Set down, word for word, each line from the top of the data through the line that has "Karlsborg Gräshult. Torpstuga"; omit every picture.

= = = = = = =

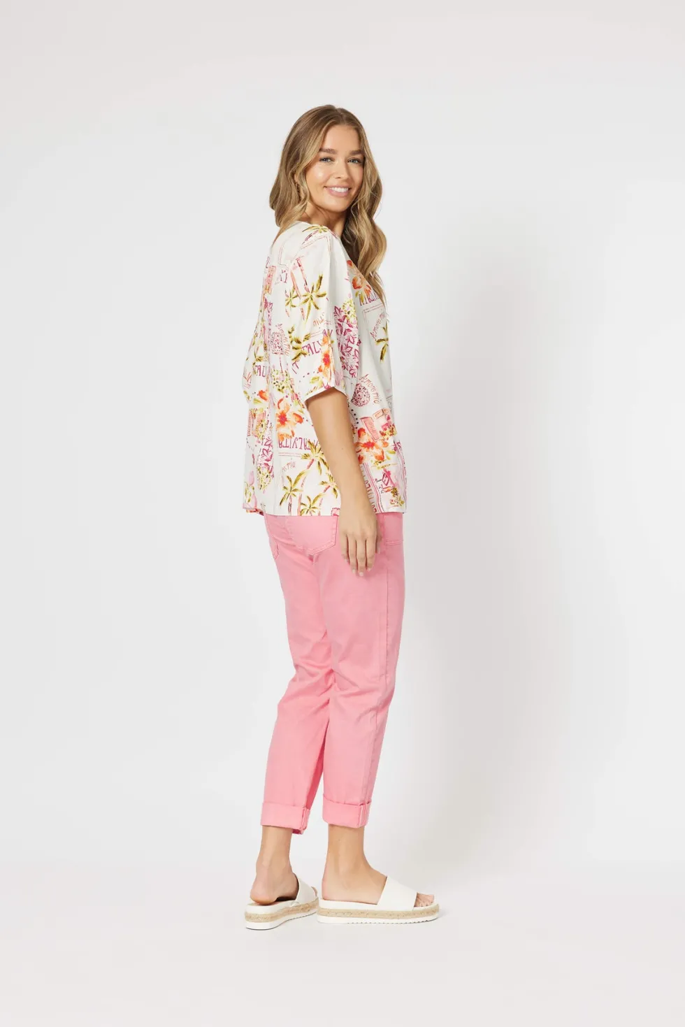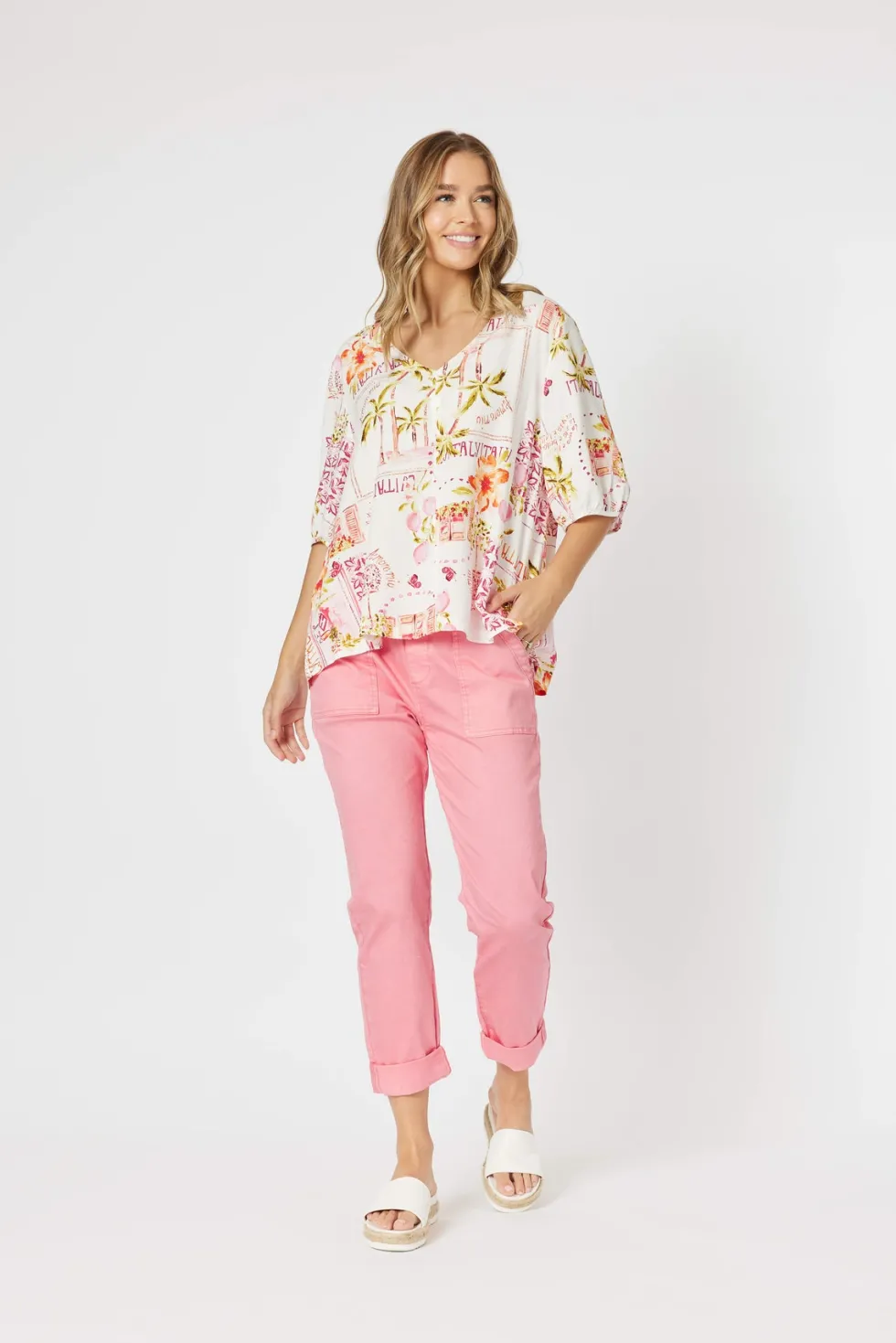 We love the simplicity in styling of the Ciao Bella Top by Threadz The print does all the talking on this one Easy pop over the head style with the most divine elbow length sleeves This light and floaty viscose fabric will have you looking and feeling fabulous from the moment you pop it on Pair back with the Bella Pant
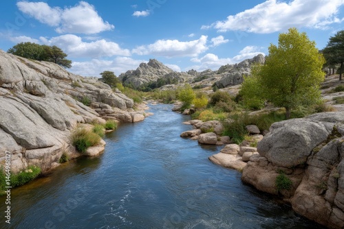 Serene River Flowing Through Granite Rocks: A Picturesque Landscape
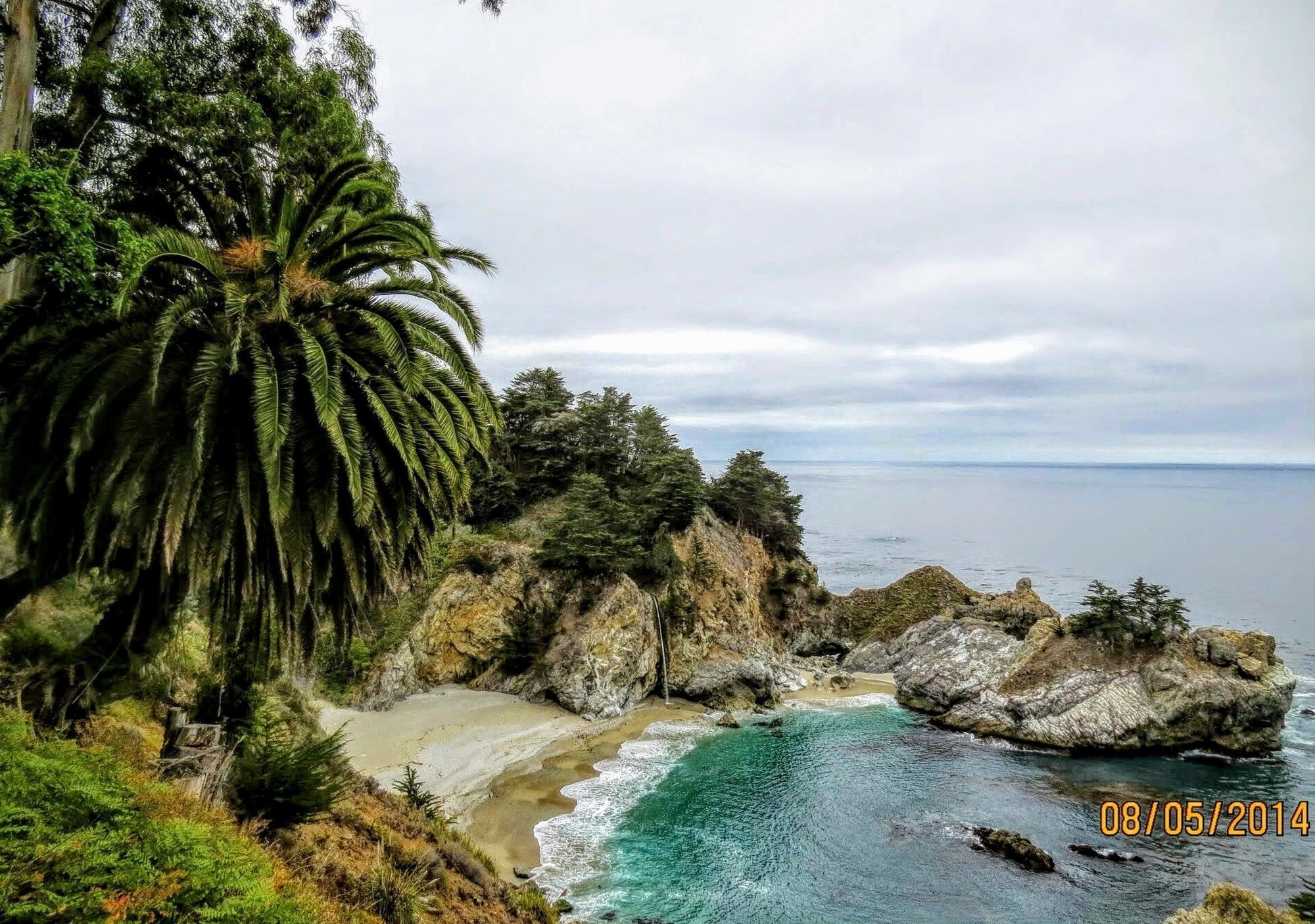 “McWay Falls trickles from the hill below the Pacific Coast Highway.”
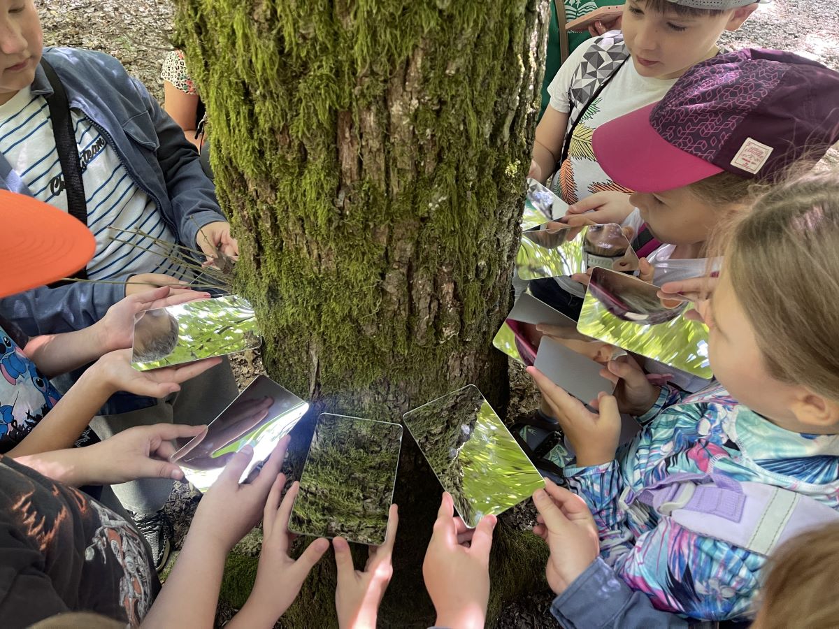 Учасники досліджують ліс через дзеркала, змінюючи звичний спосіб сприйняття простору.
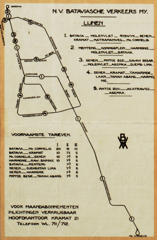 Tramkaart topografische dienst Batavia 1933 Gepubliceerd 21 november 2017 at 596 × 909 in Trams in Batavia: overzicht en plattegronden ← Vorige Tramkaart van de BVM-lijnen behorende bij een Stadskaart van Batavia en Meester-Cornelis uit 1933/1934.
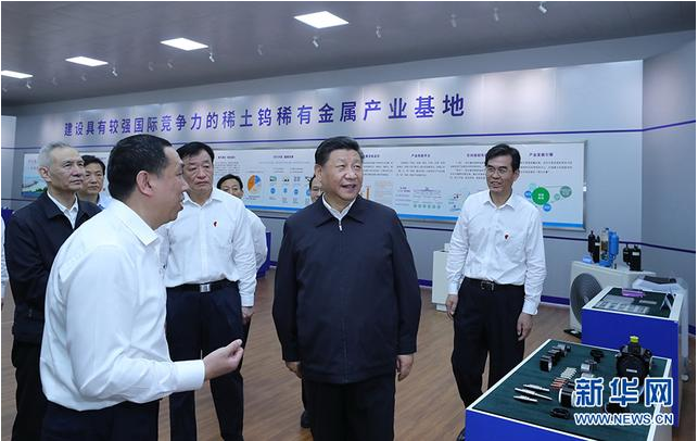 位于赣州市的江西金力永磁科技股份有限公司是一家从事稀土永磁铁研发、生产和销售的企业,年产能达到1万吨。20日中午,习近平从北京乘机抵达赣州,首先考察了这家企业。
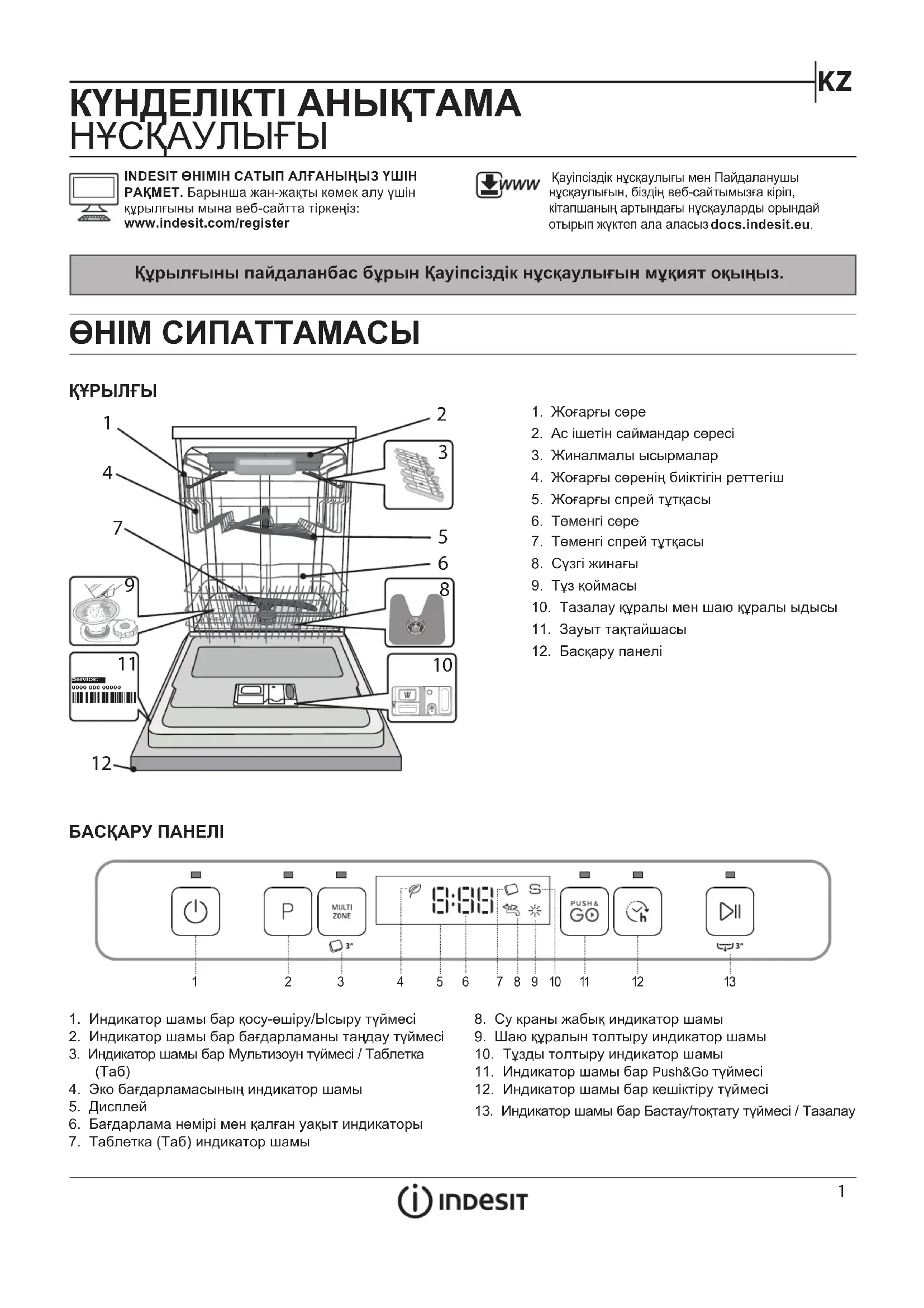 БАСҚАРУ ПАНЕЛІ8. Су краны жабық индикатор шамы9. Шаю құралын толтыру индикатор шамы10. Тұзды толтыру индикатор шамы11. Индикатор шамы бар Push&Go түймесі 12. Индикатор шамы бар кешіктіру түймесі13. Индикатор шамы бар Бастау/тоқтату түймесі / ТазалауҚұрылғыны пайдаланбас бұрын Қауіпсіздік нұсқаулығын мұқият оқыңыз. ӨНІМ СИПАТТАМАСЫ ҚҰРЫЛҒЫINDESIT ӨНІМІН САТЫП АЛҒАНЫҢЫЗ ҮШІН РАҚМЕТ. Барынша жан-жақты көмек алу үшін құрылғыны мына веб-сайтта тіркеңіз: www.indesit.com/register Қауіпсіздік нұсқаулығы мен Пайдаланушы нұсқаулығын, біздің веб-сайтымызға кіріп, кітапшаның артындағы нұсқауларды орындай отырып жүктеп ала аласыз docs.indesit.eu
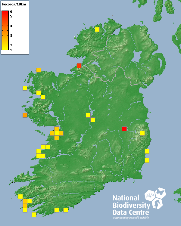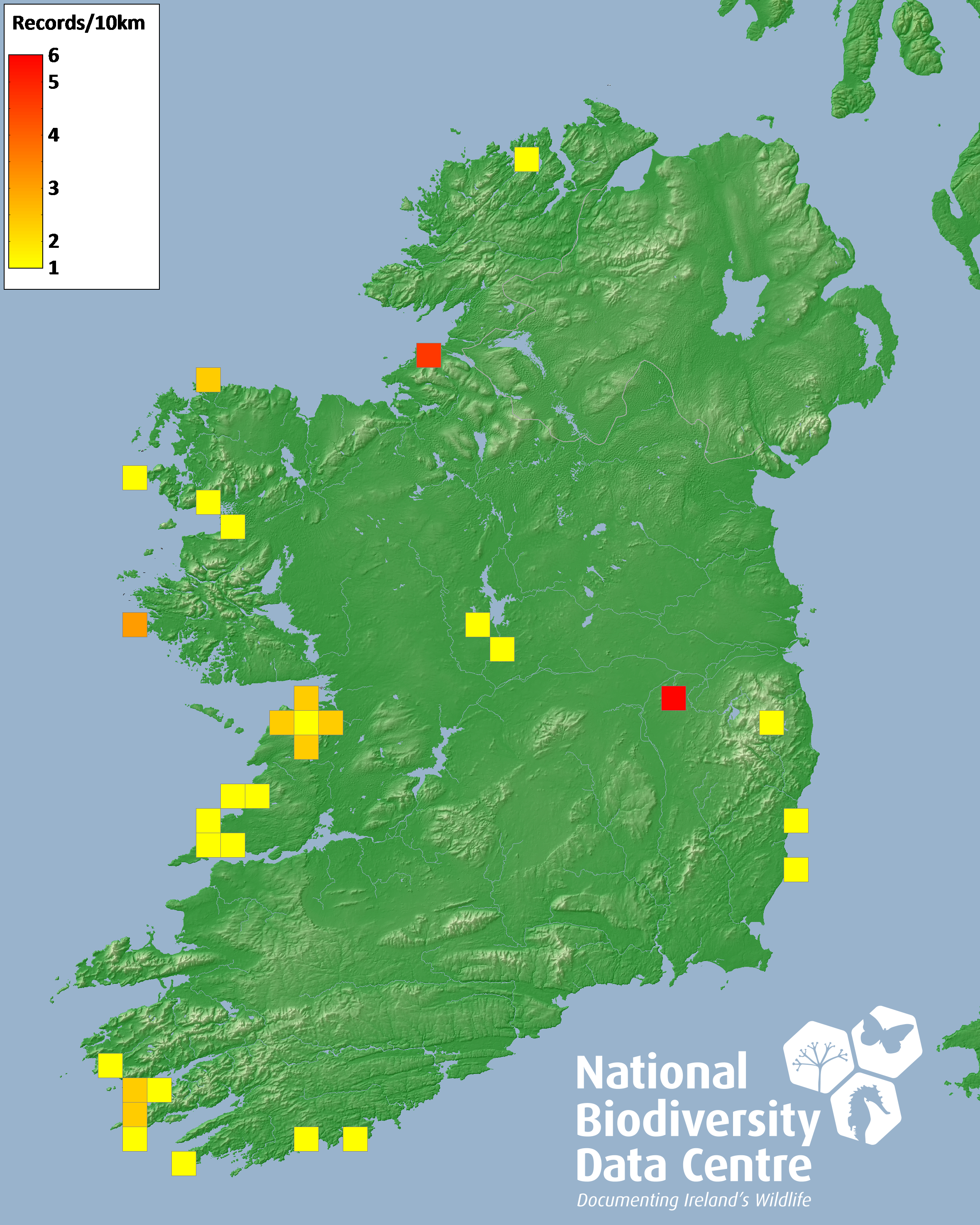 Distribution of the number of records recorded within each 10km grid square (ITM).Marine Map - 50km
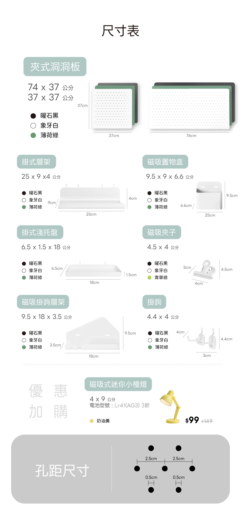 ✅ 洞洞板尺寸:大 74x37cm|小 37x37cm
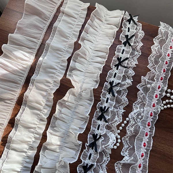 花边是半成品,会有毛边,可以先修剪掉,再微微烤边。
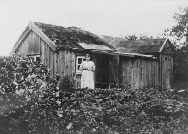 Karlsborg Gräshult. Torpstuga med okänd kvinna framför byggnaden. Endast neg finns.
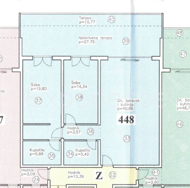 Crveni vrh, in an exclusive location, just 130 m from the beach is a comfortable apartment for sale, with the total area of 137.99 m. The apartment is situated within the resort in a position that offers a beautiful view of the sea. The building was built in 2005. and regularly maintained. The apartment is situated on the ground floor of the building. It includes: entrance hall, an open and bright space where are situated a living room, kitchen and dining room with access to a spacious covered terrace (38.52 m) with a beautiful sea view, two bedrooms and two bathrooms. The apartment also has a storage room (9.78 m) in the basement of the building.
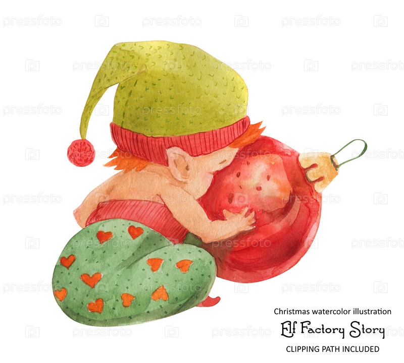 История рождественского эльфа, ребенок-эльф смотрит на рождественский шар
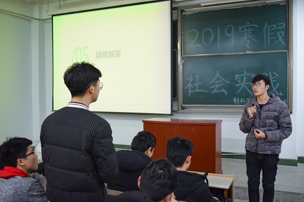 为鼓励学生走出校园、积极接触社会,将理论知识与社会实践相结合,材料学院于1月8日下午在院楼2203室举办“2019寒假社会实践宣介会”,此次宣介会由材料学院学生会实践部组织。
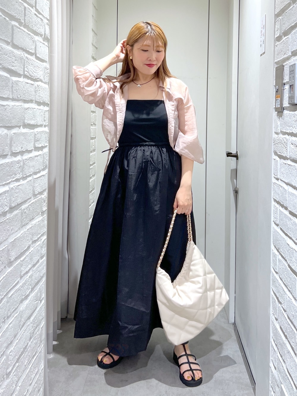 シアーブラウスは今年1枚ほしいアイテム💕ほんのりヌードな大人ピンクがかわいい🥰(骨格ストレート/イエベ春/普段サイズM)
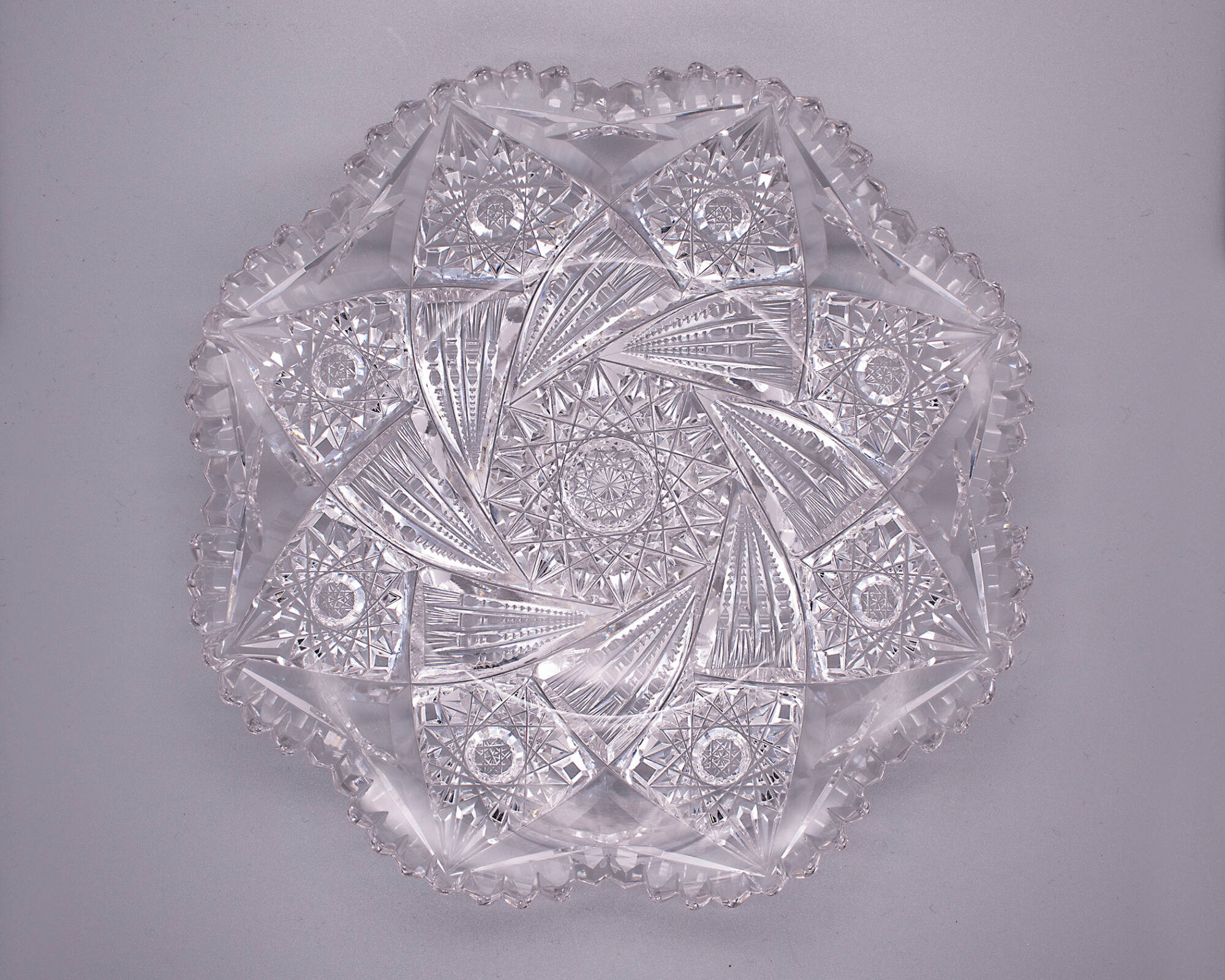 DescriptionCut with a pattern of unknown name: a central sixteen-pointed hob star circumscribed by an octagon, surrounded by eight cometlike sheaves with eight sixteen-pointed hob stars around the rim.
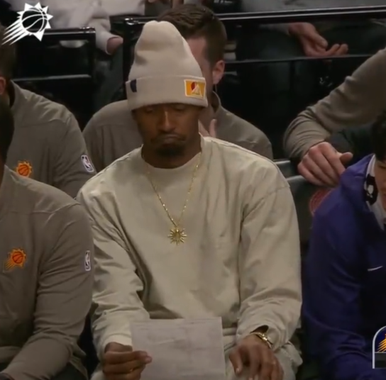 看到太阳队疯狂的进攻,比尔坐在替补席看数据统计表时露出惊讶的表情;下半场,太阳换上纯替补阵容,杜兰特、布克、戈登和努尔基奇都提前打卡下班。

= = = = = = =

Solution:
 We love the simplicity in styling of the Ciao Bella Top by Threadz The print does all the talking on this one Easy pop over the head style with the most divine elbow length sleeves This light and floaty viscose fabric will have you looking and feeling fabulous from the moment you pop it on Pair back with the Bella Pant
 Serene River Flowing Through Granite Rocks: A Picturesque Landscape
 “McWay Falls trickles from the hill below the Pacific Coast Highway.”
 Учасники досліджують ліс через дзеркала, змінюючи звичний спосіб сприйняття простору.
 Tramkaart topografische dienst Batavia 1933 Gepubliceerd 21 november 2017 at 596 × 909 in Trams in Batavia: overzicht en plattegronden ← Vorige Tramkaart van de BVM-lijnen behorende bij een Stadskaart van Batavia en Meester-Cornelis uit 1933/1934.
 位于赣州市的江西金力永磁科技股份有限公司是一家从事稀土永磁铁研发、生产和销售的企业,年产能达到1万吨。20日中午,习近平从北京乘机抵达赣州,首先考察了这家企业。
 БАСҚАРУ ПАНЕЛІ8. Су краны жабық индикатор шамы9. Шаю құралын толтыру индикатор шамы10. Тұзды толтыру индикатор шамы11. Индикатор шамы бар Push&Go түймесі 12. Индикатор шамы бар кешіктіру түймесі13. Индикатор шамы бар Бастау/тоқтату түймесі / ТазалауҚұрылғыны пайдаланбас бұрын Қауіпсіздік нұсқаулығын мұқият оқыңыз. ӨНІМ СИПАТТАМАСЫ ҚҰРЫЛҒЫINDESIT ӨНІМІН САТЫП АЛҒАНЫҢЫЗ ҮШІН РАҚМЕТ. Барынша жан-жақты көмек алу үшін құрылғыны мына веб-сайтта тіркеңіз: www.indesit.com/register Қауіпсіздік нұсқаулығы мен Пайдаланушы нұсқаулығын, біздің веб-сайтымызға кіріп, кітапшаның артындағы нұсқауларды орындай отырып жүктеп ала аласыз docs.indesit.eu
 Distribution of the number of records recorded within each 10km grid square (ITM).Marine Map - 50km
 ✅ 洞洞板尺寸:大 74x37cm|小 37x37cm
 花边是半成品,会有毛边,可以先修剪掉,再微微烤边。
 Karlsborg Gräshult. Torpstuga med okänd kvinna framför byggnaden. Endast neg finns.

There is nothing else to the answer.